Snorch commented 5 months ago

Originally in commit 4497ac8e6af0ac7bf0cc7f87be7744258a90f131 the intent was to skip tracefs mount on top of debugfs mount, because on restore this tracefs was mounted automatically and if criu mounts it there explicitly too we have one excess tracefs mount appearing after each c/r.
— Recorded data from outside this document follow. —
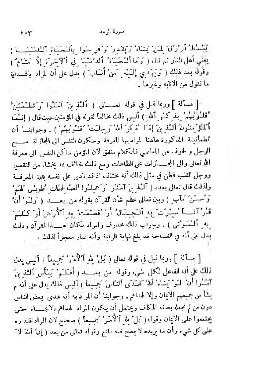 وربما قيل في قوله تعالى (بَلْ لِلَّهِ الْأَمْرُ جَمِيعاً) أ ليس يدل ذلك على أنه الفاعل لكل شيء وقوله من بعد (أَ فَلَمْ يَيْأَسِ الَّذِينَ آمَنُوا أَنْ لَوْ يَشاءُ اللَّهُ لَهَدَى النَّاسَ جَمِيعاً) أ ليس ذلك يدل على أنه لم يشأ من جميعهم الايمان وإلا لهداهم. وجوابنا أن المراد به أنه هدى بعض الناس دون من لم يجعله بصفة المكلف ويحتمل أن يكون المراد لهداهم بالالجاء حتى يجتمعوا على الايمان وقوله (بَلْ لِلَّهِ الْأَمْرُ جَمِيعاً) صحيح لان المراد اقتداره على كل شيء وأن ما يريده لا يصح فيه المنع وقوله تعالى من بعد (إِنَّ اللَّهَ لا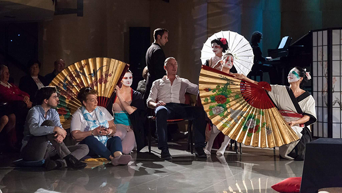Pochissimi gli oggetti di scena, qualche cuscino, un tavolino e un separé orientaleggiante. In kimono Cio-cio-san, in borghese Pinkerton. Fucile, bandierine, ventagli e palloncini i pochi strumenti a disposizione dei cantanti durante la recitazione. Un allestimento davvero essenziale, fondato sulla bravura dei protagonisti.
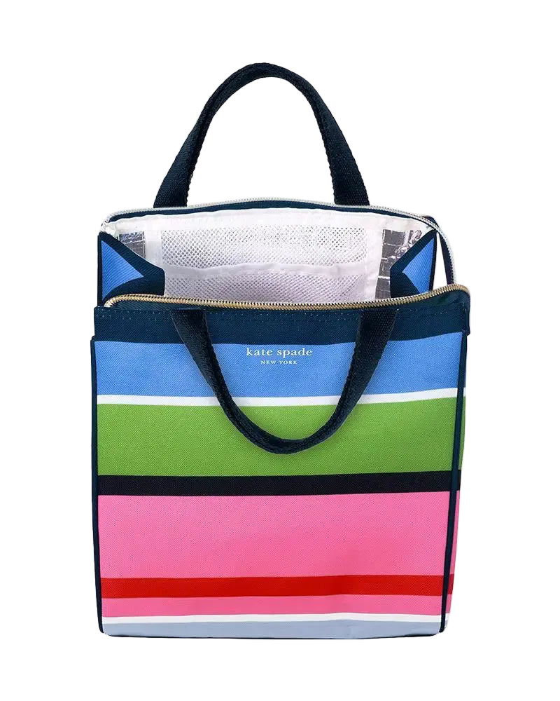 Keep your lunch nice and cool (or warm) on the way to your favorite picnic spot with this vibrant lunch bag from kate spade new york. The interior silver lining provides plenty of insulation, and the zipper closure keeps the bag securely sealed until it's lunch time!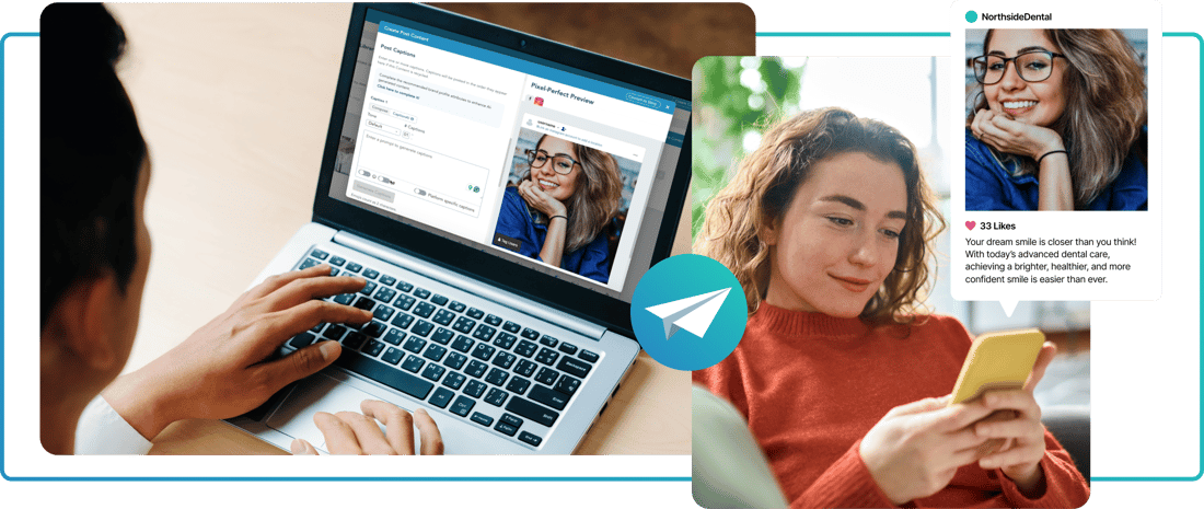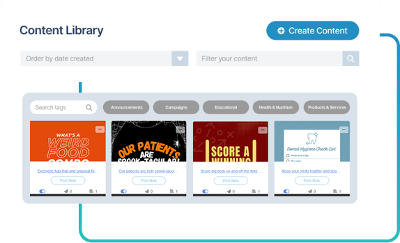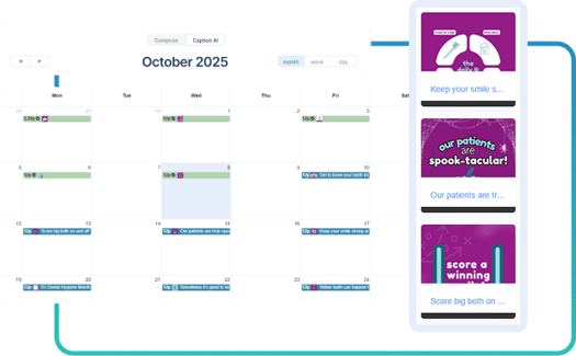 Create, customize, and schedule dental-specific social content all in one place, plus manage comments and direct messages in-platform. No stress. No guesswork. Just streamlined, pro-level posting in one intuitive dashboard built just for dental practices.
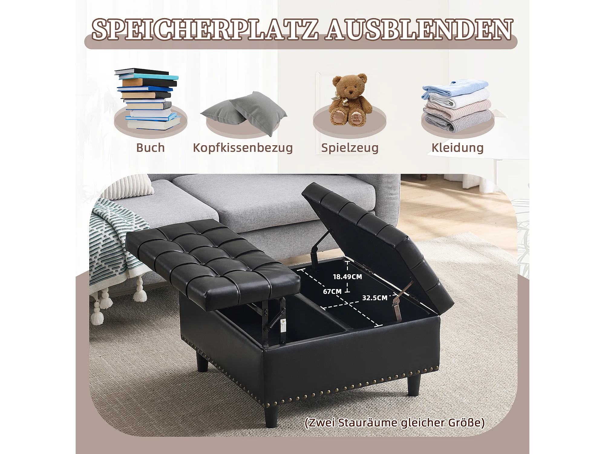 Pouf coffre en simili-cuir noir - Repose-pieds – mousse haute résilience - idéal pour le salon ou l’entrée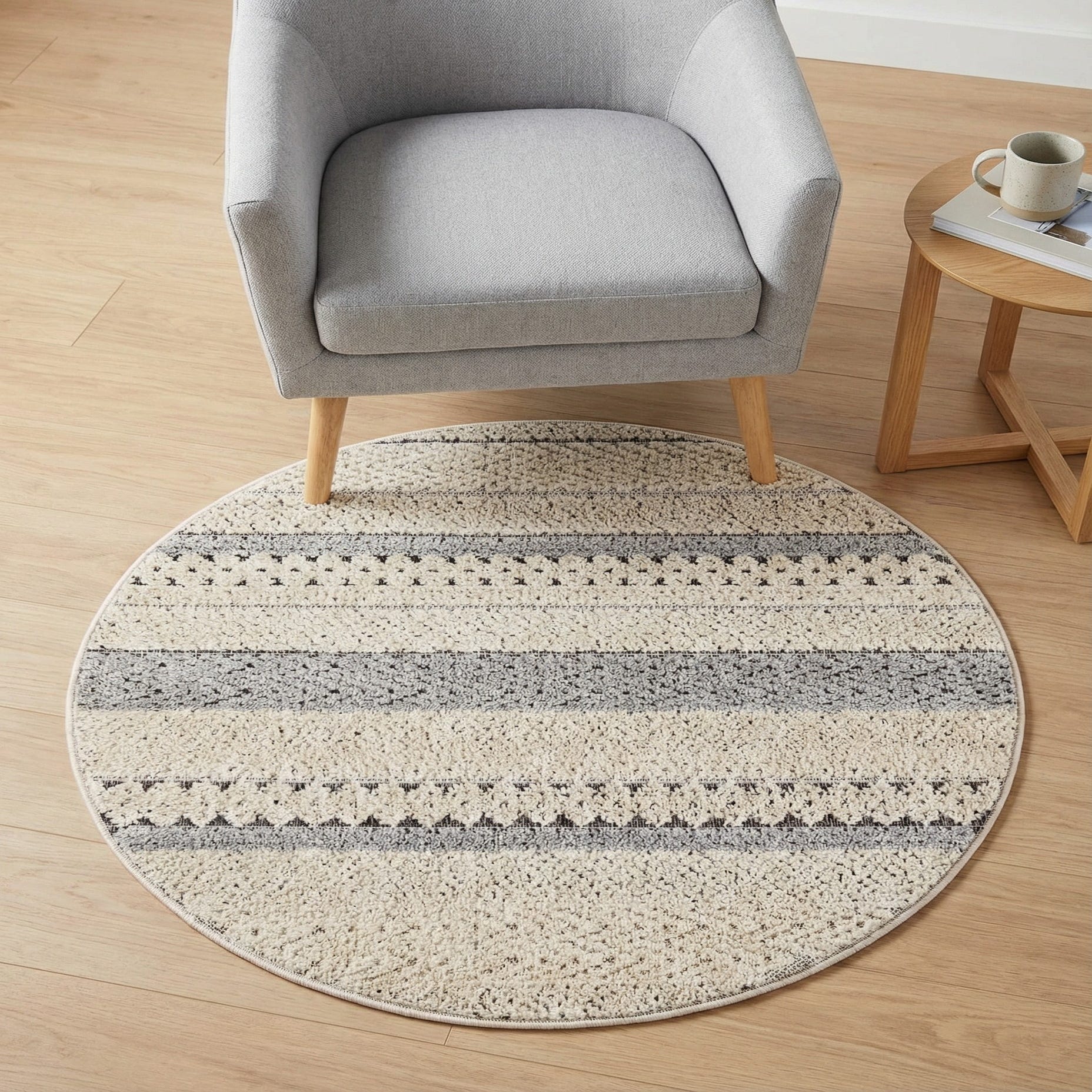 Machine made from 100% polypropylene, this rug offers a consistent texture and color that fits easily into everyday settings. It pairs naturally with light wood and linen upholstery for Scandinavian or coastal interiors, and the neutral tones also complement modern farmhouse and contemporary rooms. Place it under a small round table, in a cozy reading nook, or beside the bed to introduce warmth and understated pattern to compact spaces.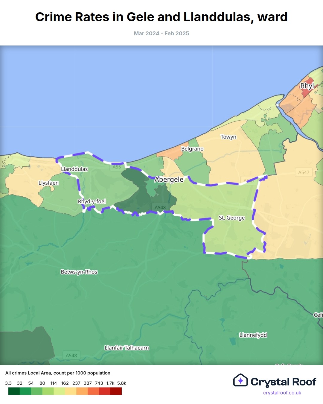 Gele and Llanddulas, (ward) includes areas with the following crime ratings (see map):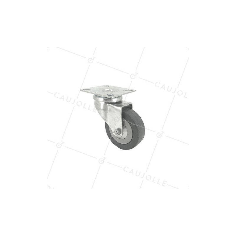 Roulette sur monture pivotante à platine. Le bandage du galet est en caoutchouc non tachant.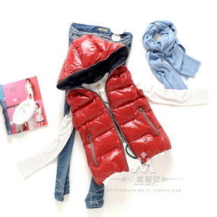 此款为今年最为流行的一款漆皮面包式羽绒马甲,超级倍受明星追捧,简洁而又时尚的设计超级吸引人们的视线,高品质的羽绒给人带来强烈的蓬松质感,用手用力按下在抬起会迅速还原,粗线条的拉链大幅的提升了整件YY的时尚度与现代感,略微夸大的连帽设计与整体相连,为整件YY添加了些许的俏皮感。 下摆和袖口采用螺纹收紧的设计,紧紧的包裹住身体,在很冷的冬季也不怕了。 此款为今年最为流行的一款羽绒马甲,也是时尚达人在此季不可缺少的一件单品.小爱强烈推荐给亲们,搭配长袖T和牛仔裤就是个不错的选择。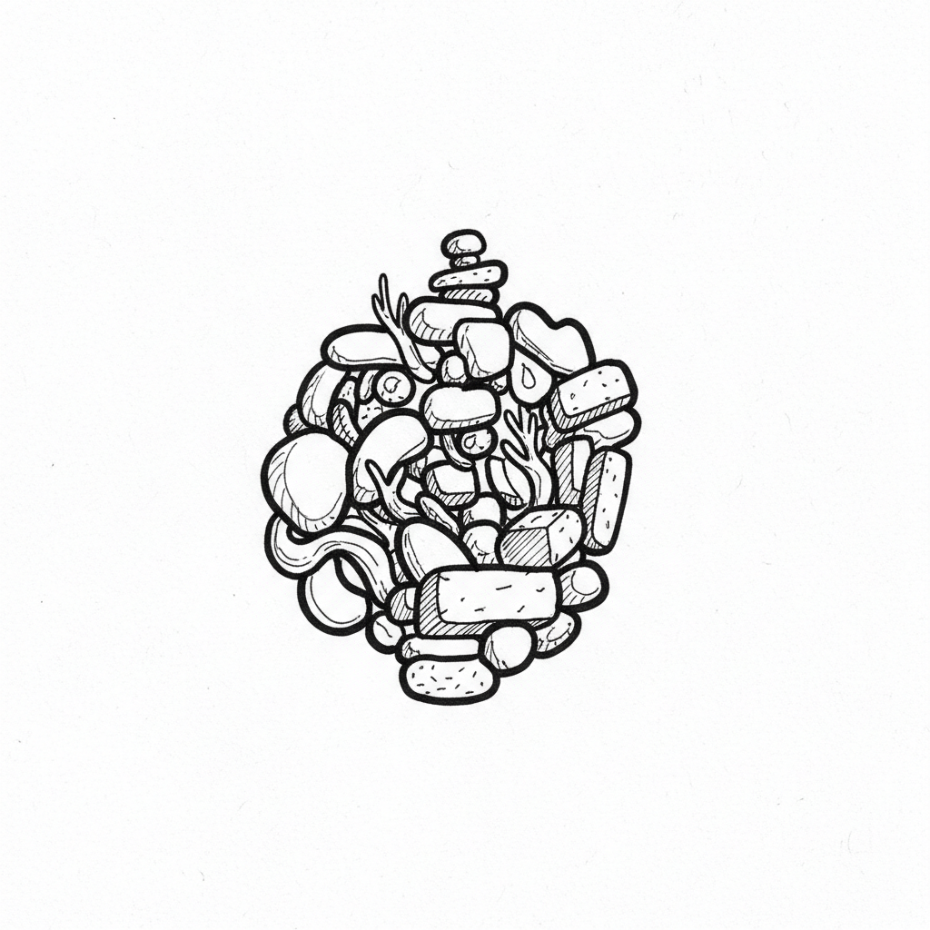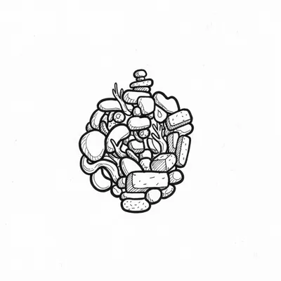 Schwarz-weiße Skizze einer dichten Ansammlung von Steinen, Kieselsteinen und organischen Formen.

Actually on my Fedora I have both "nested" tracefs and separately mounted tracefs:

cat /proc/self/mountinfo | grep "tracefs\|debugfs"
37 24 0:7 / /sys/kernel/debug rw,nosuid,nodev,noexec,relatime shared:18 - debugfs debugfs rw
38 24 0:12 / /sys/kernel/tracing rw,nosuid,nodev,noexec,relatime shared:19 - tracefs tracefs rw
802 37 0:12 / /sys/kernel/debug/tracing rw,nosuid,nodev,noexec,relatime shared:610 - tracefs tracefs rw

The code does not differentiate between those, that is a first problem with the code.

Second problem with the code is that it leads to tracefs mount not visible in mount tree that's why files on this mount can't be handled and lead to error. Proper solution probably is: instead of skipping this mount on dump, to skip restoring it explicitly in case it is on top of debugfs.

Third problem I can see with all of this is that both tracefs and debugfs does not seem to be virtualized (correct me if I'm wrong), they belong to the host. Thus If CRIU migrates open file on tracefs/debugfs to another host this file may become meaningless due to different tracefs setup, or even lead to something completely unexpected.

So I would rather eliminate debugfs and tracefs from the container you are migrating and also don't migrate apps which use tracefs and debugfs because this can lead to inconsistent setups.

igmogo-ku commented 5 months ago

Hi @Snorch,

First of all, thank you very much for taking the time to write such a detailed response.

What I am trying to do is to dump a Podman container to restore it on a later moment (but in the same machine). This means, there is no risk that the tracing or debug filesystems are not present when restoring. The host runs Debian and the Podman image is Debian as well. On the host, debugfs is also mounted twice.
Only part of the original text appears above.